Ooh!... Black Rosy Finch is one of three sought-after species of North American rosy finch to be found at Sandia Crest in March - where our photograph was taken © Brian Small, Limosa

In New Mexico, between Albuquerque and El Paso just 240 miles to the south, the Rio Grande snakes its way south before swinging west along the border between Texas and Mexico on its long journey to the Gulf of Mexico. As well as being supremely scenic - with grasslands merging into arid creosote flats, high mountains swathed in conifers, riparian forests, and dry canyons - this region of New Mexico is truly extraordinary for birds in winter. While its wetlands are world famous, there’s also a long list of other mouth- watering specialities to watch for here in March: from numerous birds of prey, Gambel’s Quail and Ladder-backed Woodpecker to Say’s Phoebe, all three species of rosy finch and Brewer’s Sparrow – the latter singing like Skylarks on speed!

Spend a day at the ‘jewel in the crown’ wetland of Bosque del Apache, just south of the town of Socorro, and the superlatives soon run out... Picture the sun rising over distant hills; rays of light cut through the clear desert sky and the songs of displaying Killdeer and Western Meadowlarks fill the air as the mirrored surface of the refuge’s pools reflect a host of wildfowl.

Many Snow Geese and Sandhill Cranes spend the winter months at the Bosque del Apache Refuge. As spring approaches and they begin their long migration north, their place is taken by brilliant white, hulking American White Pelicans. Come early March, hundreds of Tree and Violet-green Swallows will be arriving too, bringing with them the first White-throated Swifts and eye-catching Vermilion Flycatchers.

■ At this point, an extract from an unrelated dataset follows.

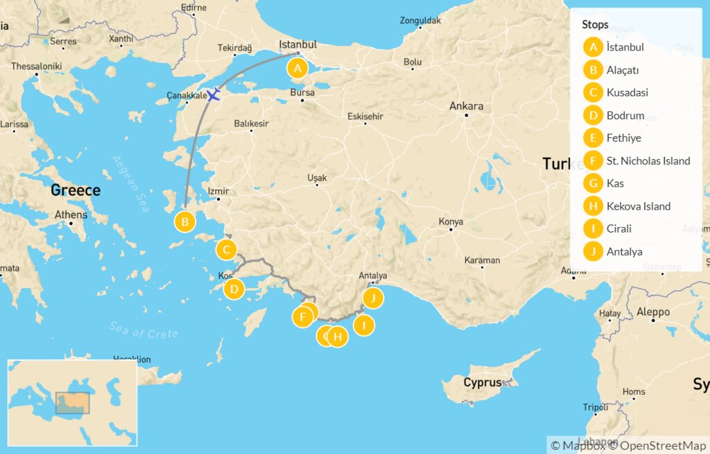 Map of Explore Turkey’s Turquoise Coast by Land & Water – 13 Days

These are but a small part of the wealth of birdlife on offer at Bosque del Apache at this season. As many as 25 species of wildfowl use the wide ‘pans’ as their winter home, among them Cackling and Ross’s Geese, Canvasbacks and Redheads, Buffleheads and Cinnamon Teal, while Northern Harriers float across the fields, eyeing their prey.

Just east of Albuquerque, Sandia Crest rises to 3280m (10,760ft), its summit still encrusted with snow at this time of year. After briefly following the legendary Route 66, we enter the Cibola Forest en route to the top, seeking to ‘get our kicks’ today from our quest for all three species of North America’s spectacular rosy finches: Black, Brown-capped and Grey-crowned. These sought-after yet confiding birds really stole the show on last year’s tour! Steller’s Jay, Mountain Chickadee, and White-breasted and Red-breasted Nuthatches will also delight us about the feeders as we sip a warming hot chocolate.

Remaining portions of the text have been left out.